The news last night was depressing wasn’t it… It’s the first time I’ve watched any TV for 10 days. I am sorry to everyone that this is happening again BUT I feel. I passionately feel that we can all stay afloat. Especially if we work together NOT on our own.
I am cycling today along the north east coast castle route to Berwick. It’s a beautiful day (just like it can be everyday). It doesn’t need to be blue sky and warm weather but you all know that don’t you. Deep down. This morning however it is blue sky. A stark change from yesterday.
I have not made it far (mileage) due to the constant photo opportunities. It’s 11am and I’ve met and talked to: The bird watcher (no… not a pervert); The dowager;
The cafe owner who kindly gave me some rocky road for my lunch; the gallery owner where I got a few ideas on painting projects I might do, and sort of chatted to Ivy (the shaggy rug).
LIn contrast I also overheard 3 men talking about how much work they still needed to do on their house before the interior designers came in. I quote “We need another lockdown so we can finish the house”. Made me a bit angry that but these days I can accept it’s none of my business so no point dwelling on it.
Lunch was at Craster. I’d decided I was spending too much on coffees and paninis so bought 12 eggs from a farmer. 6 for lunch and 6 for breakfast tomorrow. A hot oxo cube and my rocky road set me up for a hard ride this afternoon.
It was only hard because I had to get to holy island where I’d booked a campsite. Although you’d expect lots of campsites, many won’t take tents which seems bizarre as surely they are pretty empty. I guess at £8-12 a night it’s not worth their while. Also shops are becoming more scarce. The scenery however is not faltering at all.
3, day cyclists bombed past me today, heads down seemingly in disgust at my pathetic 10mph. Touring is so different I’m finding. I wonder what those 3 could write about if they had a daily blog? Appreciate though there is a balance…. apologies if I drone on. When you have this time and this scenery it’s hard to hold back.

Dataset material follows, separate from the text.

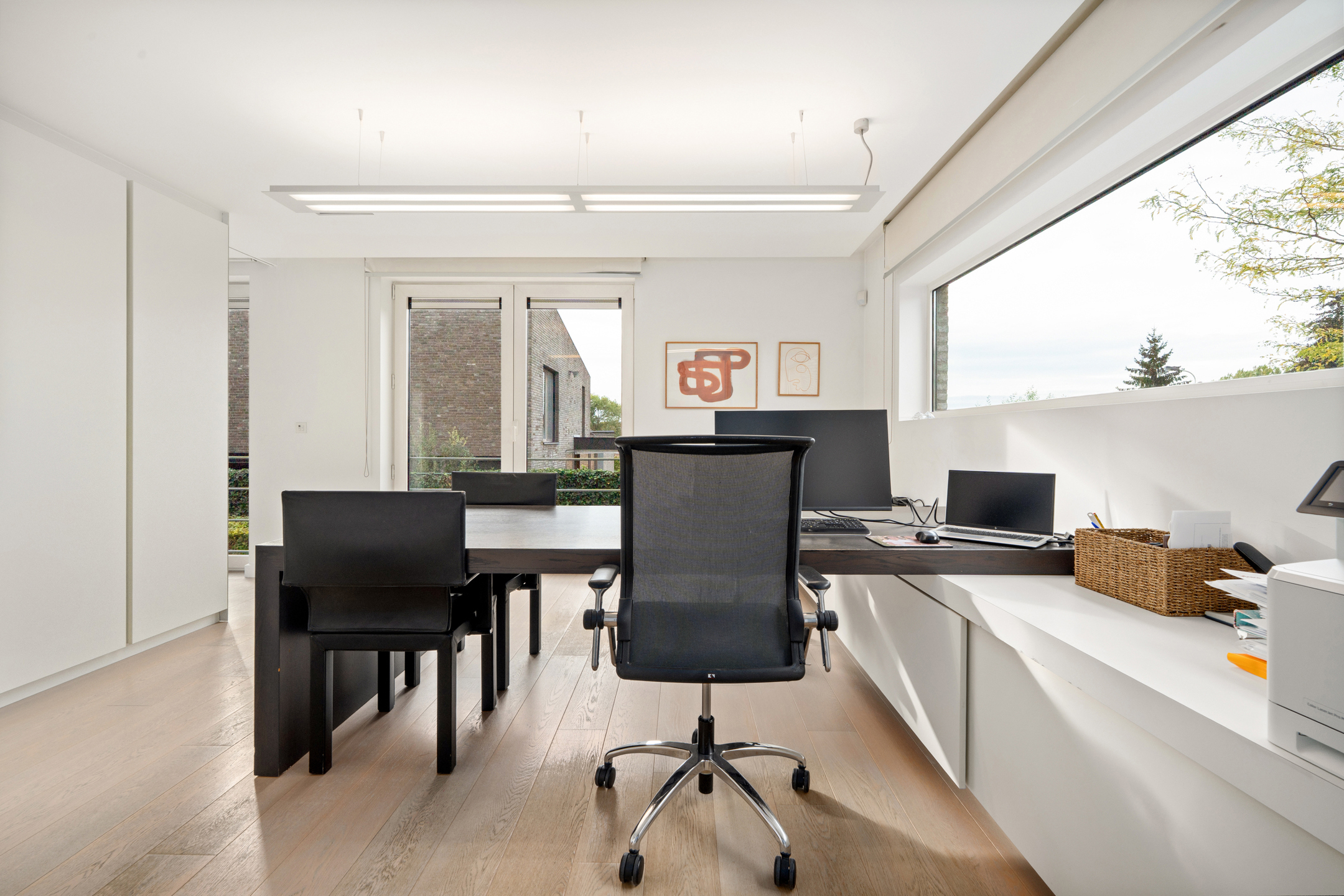 Op het gelijkvloers: inkom en traphal met vestiaire en toilet, grote lichtrijke leefruimte, aparte bureau, geïnstalleerde keuken met ontbijthoek, extra diningroom met zicht op de tuin, overdekt terras, grote dubbele garage, bijkeuken en wasplaats.

Nearing my campsite I stopped to see husband and wife tee off on a links golf course. They were staring (as I was) at a young chap wearing Gucci trainers clutching his white poodle whilst navigating across a small stream meandering its way to the sea. Inappropriate footwear and luggage we both agreed.
They asked what I was up to and I told them. They opened up about their son (aged 40) and he was depressed. He used to have a good job but can’t do anything these days except procrastinate about his sister who’s doing really well. I felt they had given up on him. They said they did everything to help him which I understood. For me though I didn’t need that help. In fact I’ll be honest i didn’t want it. I pushed it away because all it made me feel, was guilty, inferior, inadequate. Those negative feelings push us further into ourselves. That’s not a good place to be. I suggested instead of ‘help’, ‘enabling’ or over praise or criticising him they support him (unconditional love I think they call it), encourage and empower him. Don’t mollycoddle. Small tasks completed initially will quickly build up the lost self confidence, and once that’s returned bigger steps can mean quicker recovery. It’s the same with work. Don’t give employees 2 months off, that’s asking for trouble often. Reduce their tasks. Let them know why you are doing it as this will build trust instead of defensiveness. All that said I fully appreciate live and situations are not that simple and it’s HARD to do. I hope maybe at worst I gave them another option, another route and I hope their son gets better. I think he will. I’m no doctor of expert but it feels right, doesn’t it..
Castles, Castles and more castles….Then some unexpected showers. The showers up here near Berwick and Holy Island where I am camping are hard. Hard rain that hurts a bit actually….
Anyway job done today. Pasta, tin tomatoes and tuna washed down with rice pudding. Hummm.
The notes I’m getting from you all. The followers (81 today) and views (224 yesterday) is truly amazing. The app tells me I’m up 18%….which means, I hope, you are enjoying my blog and it’s messages. THANK YOU from the bottom of my heart.
I heard some sad (tragic) news tonight from a fellow camper (walking with his wife). If you read this I hope you are doing OK and stay strong please.